Peter Hargreaves, chief executive of the UK’s largest retail financial adviser network, last week told Today, the BBC’s flagship morning radio news programme, that many of Hargreaves Lansdown’s clients had already been piling into corporate credit – and shunning equities.
It is a message that has been increasingly repeated in the UK’s personal finance pages of recent weeks and fits with the consensus among finance professionals globally that in a long and deep recession, or even just an extended period of low growth, corporate profits and therefore stock dividends are likely to disappoint.
If it was credit that got us into this mess it will have to be credit that leads us out – or that at least will have to stabilise first.
But, in the old tradition of the City of London, if retail investors have picked up the scent, does that mean the killing has long been made and only carion scraps remain? For once, the answer looks like ‘No’.
First off, it is not so clear cut whether retail investors are piling in. Europeans, who have long been bigger fans of corporate debt than their UK cousins, were expressing deep revulsion through the final three months of last year, according to Tuesday’s data from the European Fund and Asset Management Association.
These retail investors pulled €69bn ($86.8bn) out of bond funds in the third quarter and €174bn over the full year, which compares with equity fund withdrawals of €27bn and €162bn, respectively.
However, some anecdotal evidence suggests that while funds have suffered, individual companies have gained.
Bankers at Royal Bank of Scotland said they saw the biggest ever order book for a euro bond sale last week when they got €16bn of demand for a Siemens deal that raised €4bn in two tranches.
According to one banker involved, 10-15 per cent of the orders were from equity accounts, private bank network accounts and other retail accounts. Being a strong name in Germany and having ticket sizes as low as €1,000 helped attract this crowd.
“When a trade idea turns up in your weekend paper that normally means it’s over and done with,” says one banker involved in the bond sale. “But this time I would say that it is not yet, corporate credit has a good way to go. Demand for new bonds is as good as we’ve ever seen it.”
Whether or not retail investors are getting involved, the professional institutions do not seem to be rushing in – at least not at the expense of equities.
“In terms of observed equity investor behaviour, it’s fair to say that we’ve seen very few crossover buyers of high grade bonds to date,” says Steve Dulake, European credit strategist at JPMorgan. “Our sense, at least based on our conversations with this community, is that high-grade bond implied rates of return are too low.”
In mid-November, it was easy to find quite a broad selection of high-quality credits that had been beaten up by forced selling.
But now, even the simplistic apparent better value of current corporate bond yields versus implied dividend yields might only reflect a premium for the lack of liquidity in bond markets, Mr Dulake says.

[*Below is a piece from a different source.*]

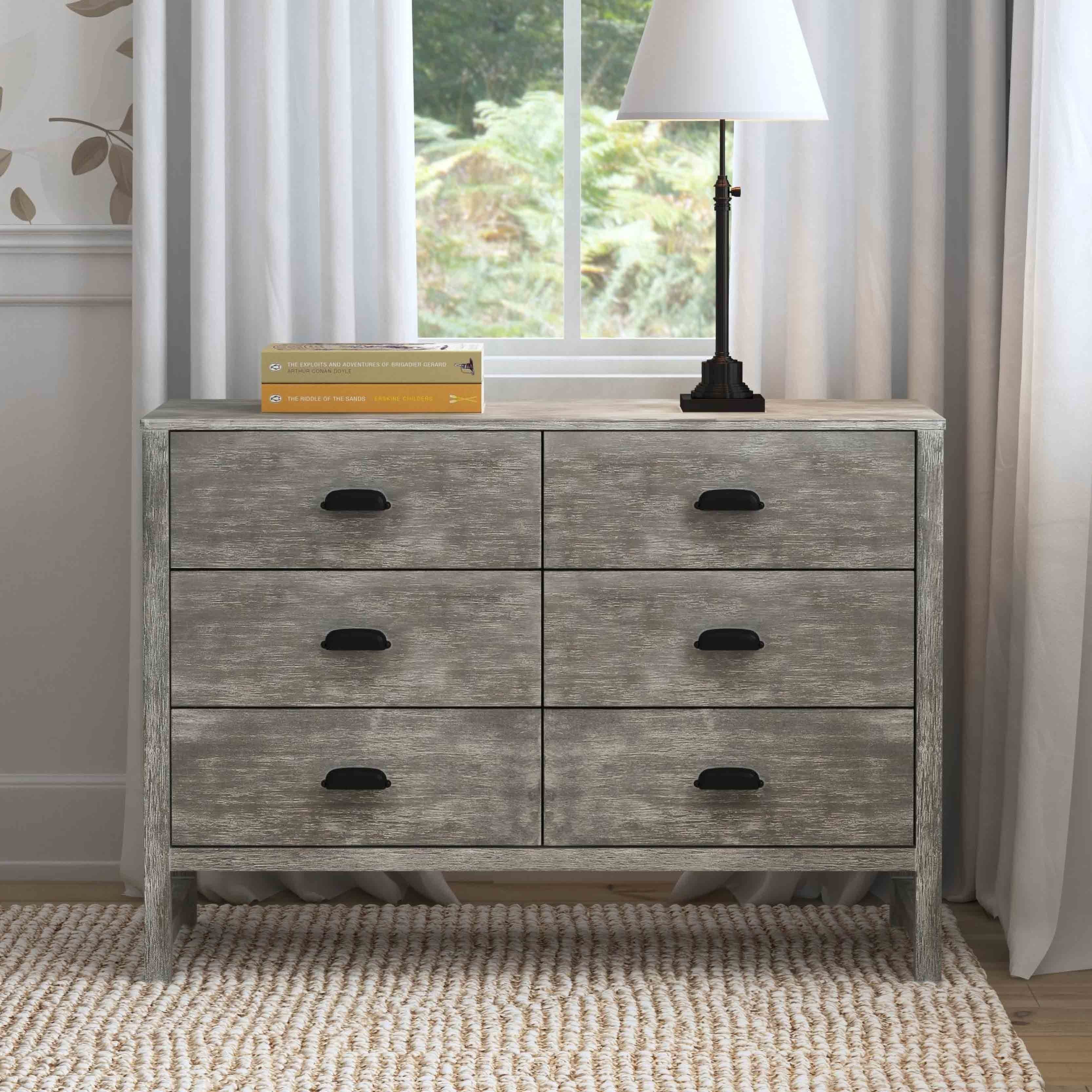 The farmhouse inspired Fairway 6-Drawer Double Dresser is a functional and stylish addition to the home. Features 6 spacious drawers finished in a rustic scratch finish, clean slim feet, and classic cup drawer pulls. Pair with the Fairway 3-Drawer Dresser.

“The yield advantage which corporate bonds appear to offer over stocks is very consistent with our estimate of the market liquidity premium; as we’ve said before, this is arguably a function of a lack of available funding,” he says.
Beyond relative value, investors also have to take into account their view of the likely path of interest rates and inflation. A long period of deflation favours bond investments, whereas a risk of high or hyper-inflation as a result of central bank money printing would favour equities.
Morgan Stanley analysts in a cross asset-class assessment this week say their base case is for a temporary spell of deflation. “Massive global policy stimulus will prevent a sustained deflationary spiral; a temporary deflation scare gives way to a return to moderate inflation in 2010,” they reckon, although they think inflation will be more volatile.
This view indicates to them that investors should prefer cash to equities, while they also recommend being over-weight in investment grade corporate bonds with a bias towards defensive sectors.
But would it make any difference to credit markets if equity investors were moving into corporate bonds? There is an argument that, just as with the capital structure of a company, the world’s debt markets greatly exceed the size of its equity markets – and equity investors are never going to sell all their holdings.
But Jeff Amato, credit strategist at Goldman Sachs in London, argues that if equity investors are entering the credit markets they could make a difference. “Any decent sized marginal buyer coming into the market ought to have an impact on spreads.”